● **Task item**: An exact transcription of all the data is required, with every image removed.

Provided data: Begin

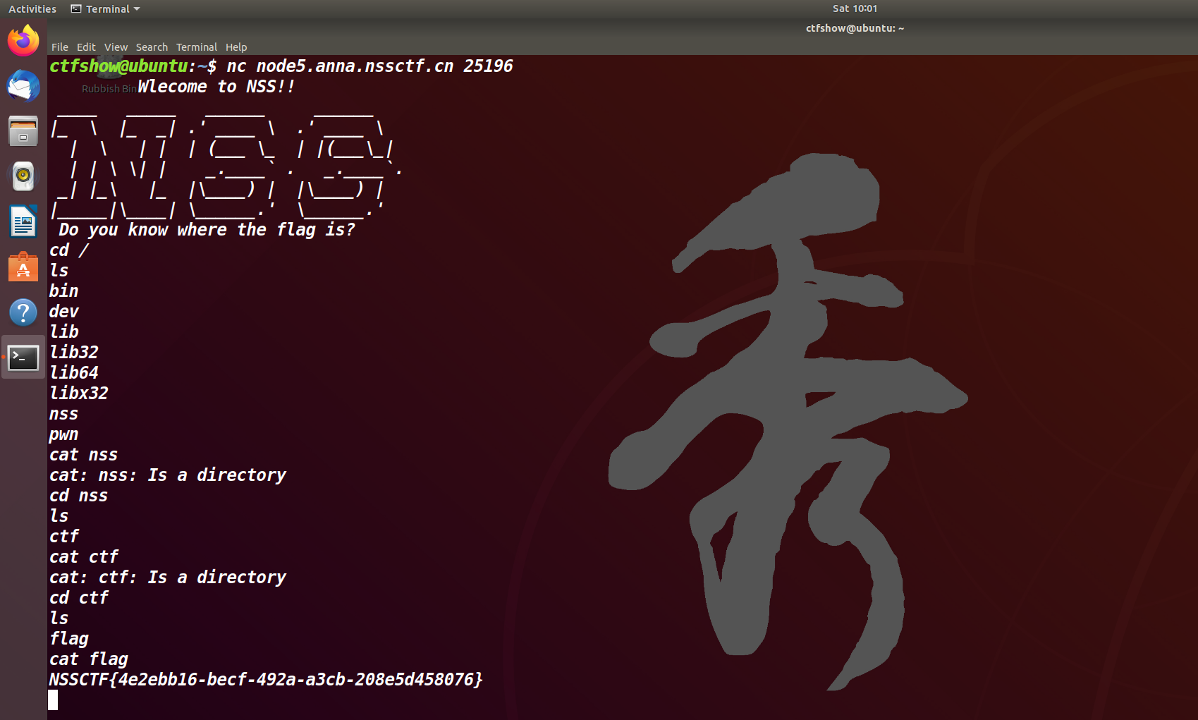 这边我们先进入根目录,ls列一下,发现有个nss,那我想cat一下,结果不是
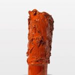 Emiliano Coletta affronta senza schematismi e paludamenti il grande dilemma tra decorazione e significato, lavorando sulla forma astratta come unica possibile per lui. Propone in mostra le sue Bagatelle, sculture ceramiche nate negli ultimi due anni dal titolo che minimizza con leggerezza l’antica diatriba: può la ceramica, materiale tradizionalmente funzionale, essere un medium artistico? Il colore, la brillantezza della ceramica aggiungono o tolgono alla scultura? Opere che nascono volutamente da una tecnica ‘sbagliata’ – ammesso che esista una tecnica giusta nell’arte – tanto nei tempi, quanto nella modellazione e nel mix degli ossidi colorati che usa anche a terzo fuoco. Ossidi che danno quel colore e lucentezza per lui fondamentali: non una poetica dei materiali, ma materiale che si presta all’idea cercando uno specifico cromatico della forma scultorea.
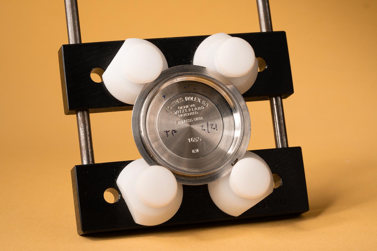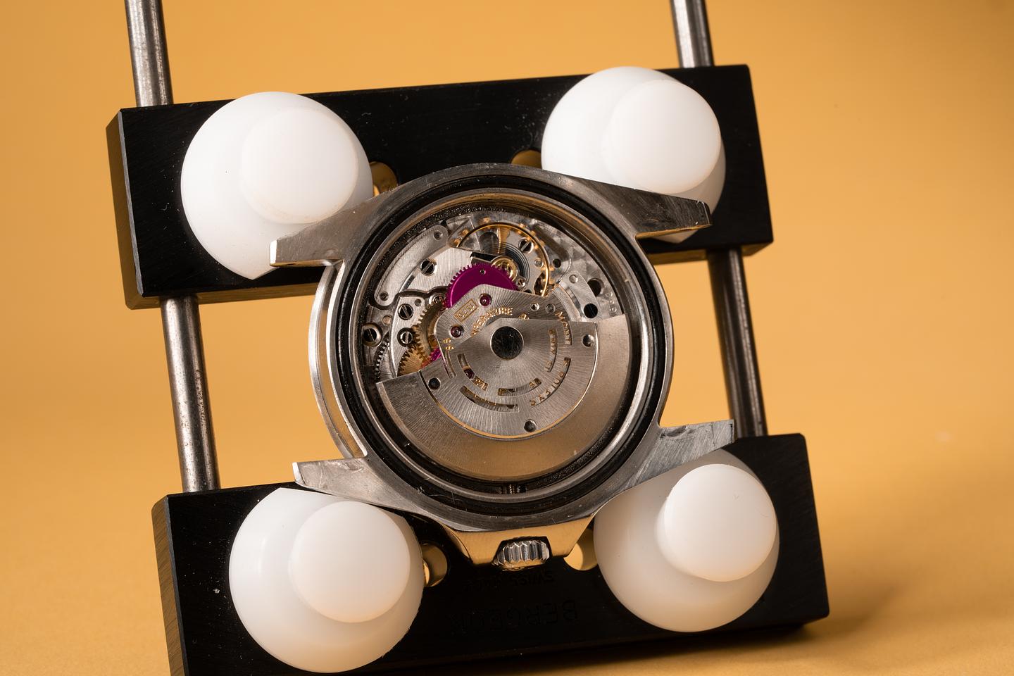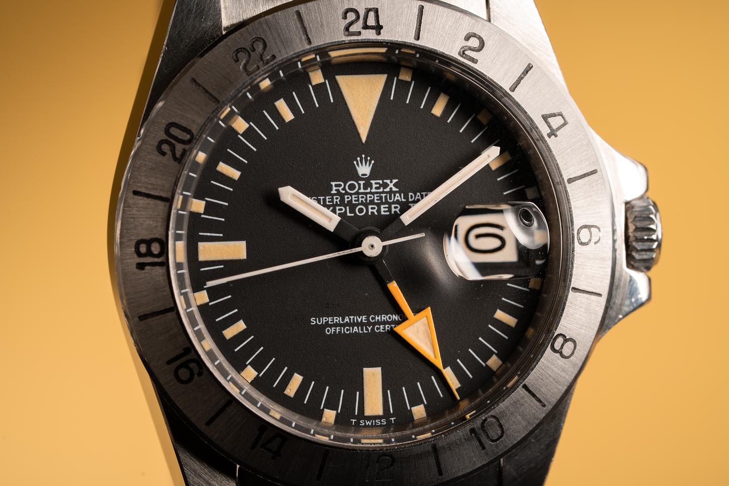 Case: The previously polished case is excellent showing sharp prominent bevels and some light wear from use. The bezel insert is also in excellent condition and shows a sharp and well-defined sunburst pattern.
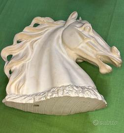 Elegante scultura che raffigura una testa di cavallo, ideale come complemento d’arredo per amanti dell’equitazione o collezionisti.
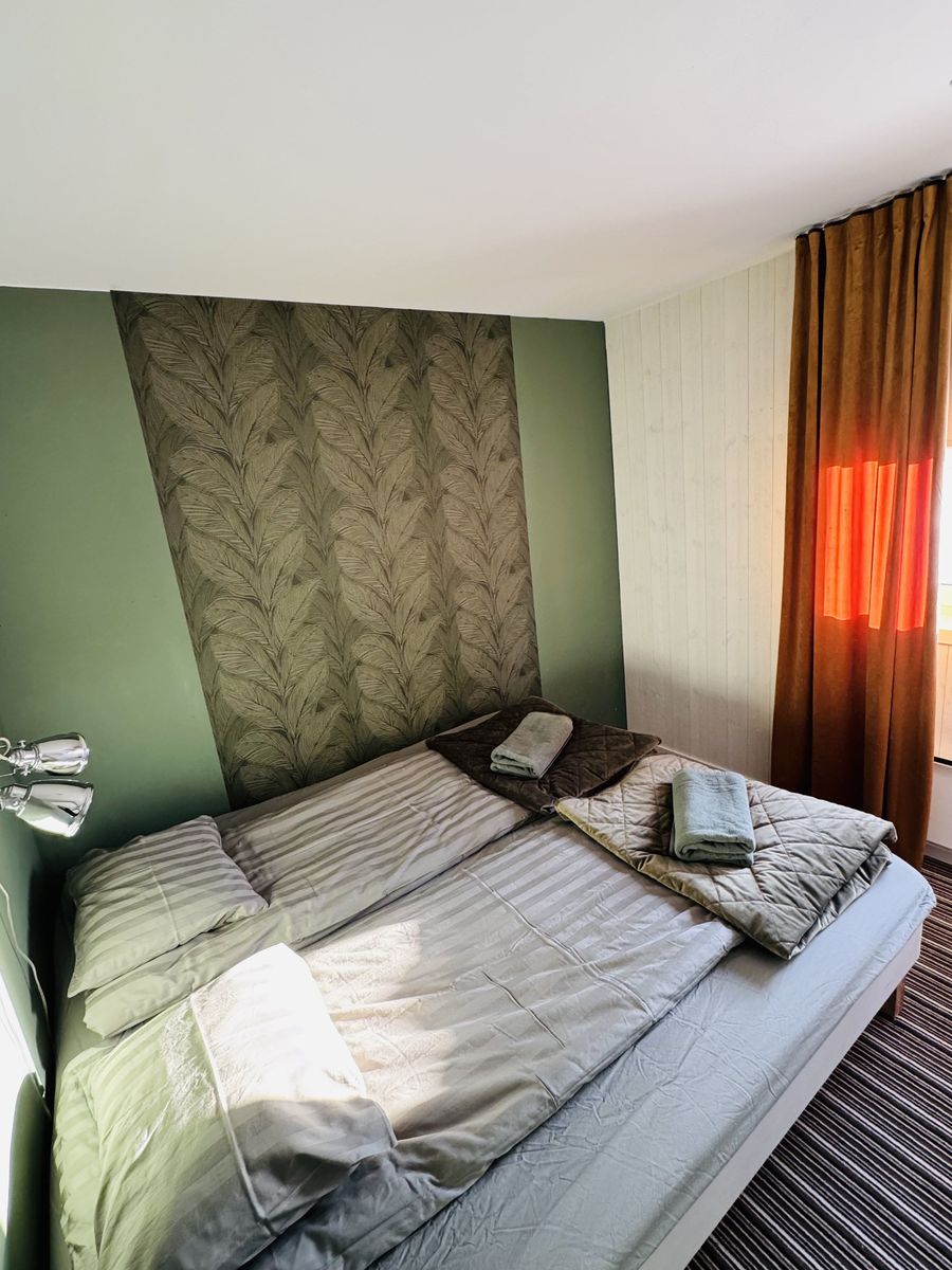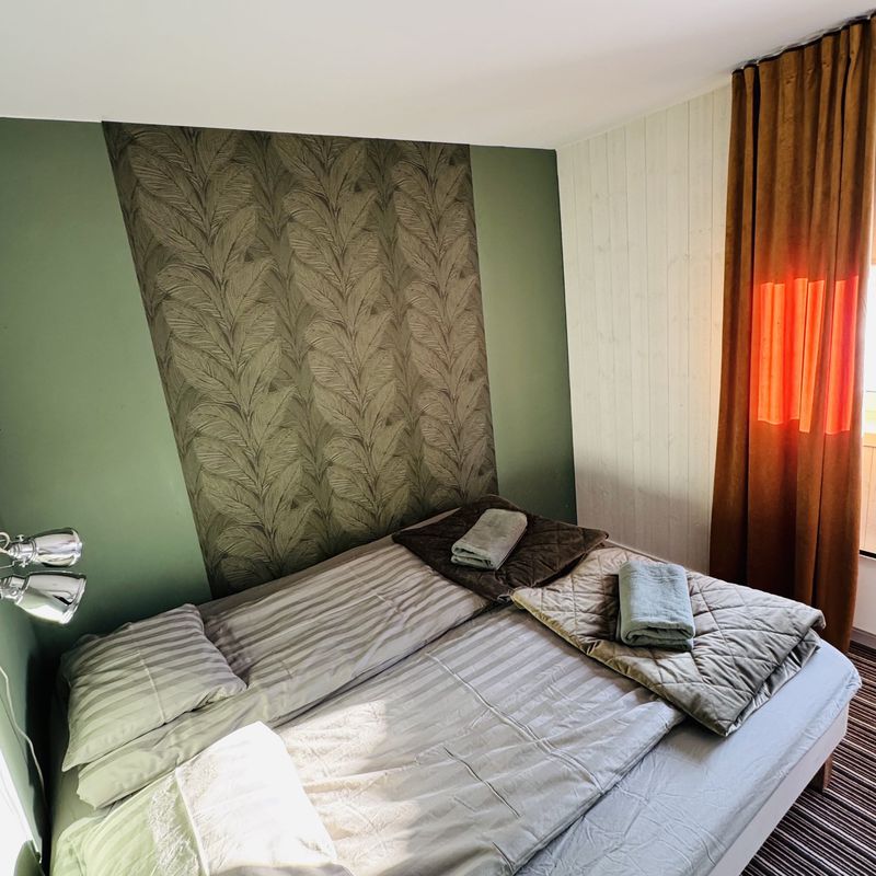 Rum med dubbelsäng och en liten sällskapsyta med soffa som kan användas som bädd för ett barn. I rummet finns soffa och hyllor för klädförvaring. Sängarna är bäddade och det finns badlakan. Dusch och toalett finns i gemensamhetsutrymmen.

Provided data: End

● **The answer**:
 这边我们先进入根目录,ls列一下,发现有个nss,那我想cat一下,结果不是
 Emiliano Coletta affronta senza schematismi e paludamenti il grande dilemma tra decorazione e significato, lavorando sulla forma astratta come unica possibile per lui. Propone in mostra le sue Bagatelle, sculture ceramiche nate negli ultimi due anni dal titolo che minimizza con leggerezza l’antica diatriba: può la ceramica, materiale tradizionalmente funzionale, essere un medium artistico? Il colore, la brillantezza della ceramica aggiungono o tolgono alla scultura? Opere che nascono volutamente da una tecnica ‘sbagliata’ – ammesso che esista una tecnica giusta nell’arte – tanto nei tempi, quanto nella modellazione e nel mix degli ossidi colorati che usa anche a terzo fuoco. Ossidi che danno quel colore e lucentezza per lui fondamentali: non una poetica dei materiali, ma materiale che si presta all’idea cercando uno specifico cromatico della forma scultorea.
 Case: The previously polished case is excellent showing sharp prominent bevels and some light wear from use. The bezel insert is also in excellent condition and shows a sharp and well-defined sunburst pattern.
 Elegante scultura che raffigura una testa di cavallo, ideale come complemento d’arredo per amanti dell’equitazione o collezionisti.
 Rum med dubbelsäng och en liten sällskapsyta med soffa som kan användas som bädd för ett barn. I rummet finns soffa och hyllor för klädförvaring. Sängarna är bäddade och det finns badlakan. Dusch och toalett finns i gemensamhetsutrymmen.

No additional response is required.